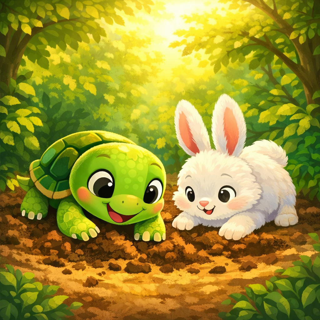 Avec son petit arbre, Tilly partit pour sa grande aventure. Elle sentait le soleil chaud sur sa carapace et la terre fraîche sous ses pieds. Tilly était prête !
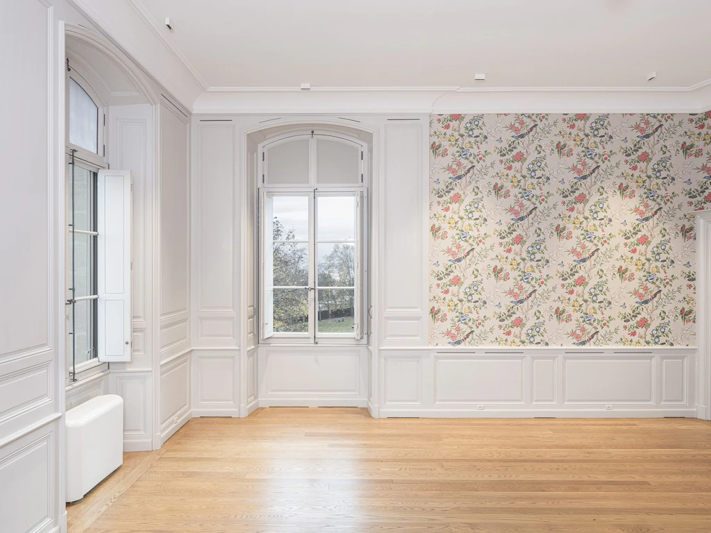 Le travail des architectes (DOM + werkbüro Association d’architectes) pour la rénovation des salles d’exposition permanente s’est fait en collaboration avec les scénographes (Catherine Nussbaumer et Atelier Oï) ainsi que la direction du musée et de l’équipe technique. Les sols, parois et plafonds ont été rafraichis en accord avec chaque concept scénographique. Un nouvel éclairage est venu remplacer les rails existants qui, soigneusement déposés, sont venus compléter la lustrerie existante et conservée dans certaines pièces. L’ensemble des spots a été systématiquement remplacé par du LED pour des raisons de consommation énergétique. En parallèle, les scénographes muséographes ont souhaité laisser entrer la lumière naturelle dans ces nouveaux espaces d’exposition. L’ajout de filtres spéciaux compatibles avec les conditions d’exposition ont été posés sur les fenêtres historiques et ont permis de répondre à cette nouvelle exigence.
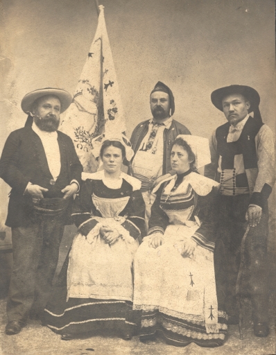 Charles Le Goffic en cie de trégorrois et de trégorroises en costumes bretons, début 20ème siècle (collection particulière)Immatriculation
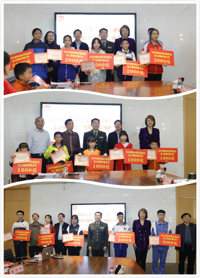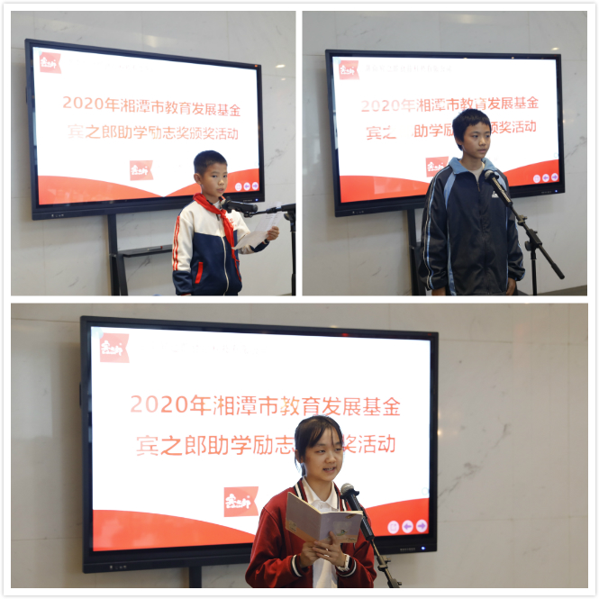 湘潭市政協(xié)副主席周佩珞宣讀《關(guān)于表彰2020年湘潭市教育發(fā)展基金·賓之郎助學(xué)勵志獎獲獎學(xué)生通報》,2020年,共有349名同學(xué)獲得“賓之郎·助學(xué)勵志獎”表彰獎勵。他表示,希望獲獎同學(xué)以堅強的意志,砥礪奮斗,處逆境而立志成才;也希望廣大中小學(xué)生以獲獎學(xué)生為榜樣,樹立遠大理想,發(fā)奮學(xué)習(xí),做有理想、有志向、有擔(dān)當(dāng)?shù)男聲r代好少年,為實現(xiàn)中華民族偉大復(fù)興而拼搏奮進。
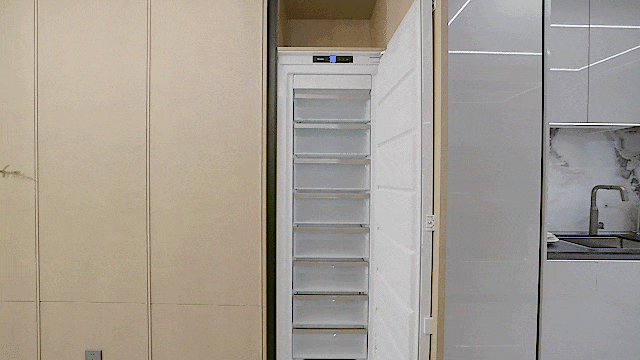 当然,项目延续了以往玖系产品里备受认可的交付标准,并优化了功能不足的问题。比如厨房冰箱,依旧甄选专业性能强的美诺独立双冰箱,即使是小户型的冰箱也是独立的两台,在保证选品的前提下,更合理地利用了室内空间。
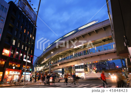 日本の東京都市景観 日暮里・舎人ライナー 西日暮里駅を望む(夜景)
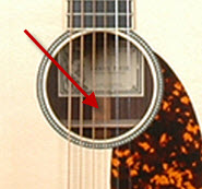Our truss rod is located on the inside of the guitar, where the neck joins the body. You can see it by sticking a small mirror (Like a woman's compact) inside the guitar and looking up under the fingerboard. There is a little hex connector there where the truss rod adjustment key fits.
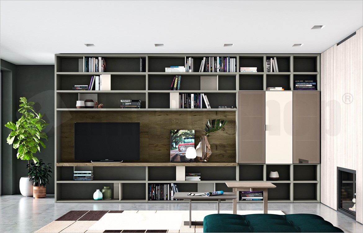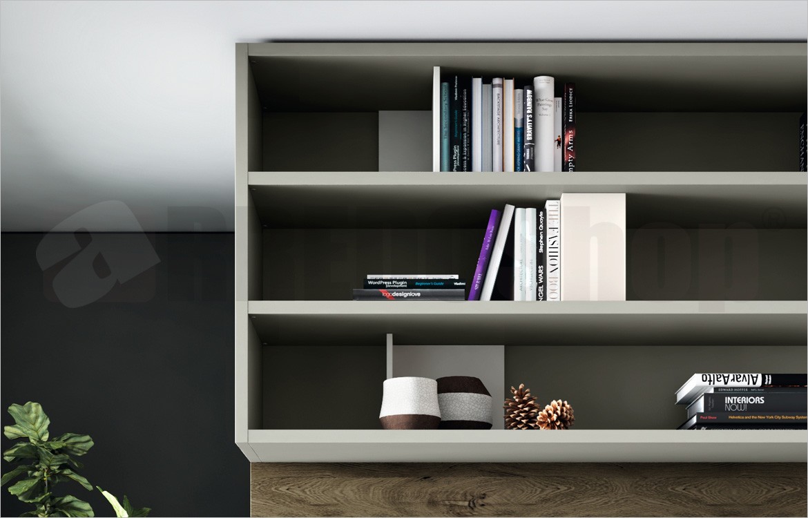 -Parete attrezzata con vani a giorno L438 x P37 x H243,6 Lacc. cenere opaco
————————
__PROMPT__: Your task is to transcribe, exactly and without additions, every line from the one that contains "Our truss rod" to the end of the entries above, both included. Omit all pictures.

__COMPLETED TASK__:
Our truss rod is located on the inside of the guitar, where the neck joins the body. You can see it by sticking a small mirror (Like a woman's compact) inside the guitar and looking up under the fingerboard. There is a little hex connector there where the truss rod adjustment key fits.
 -Parete attrezzata con vani a giorno L438 x P37 x H243,6 Lacc. cenere opaco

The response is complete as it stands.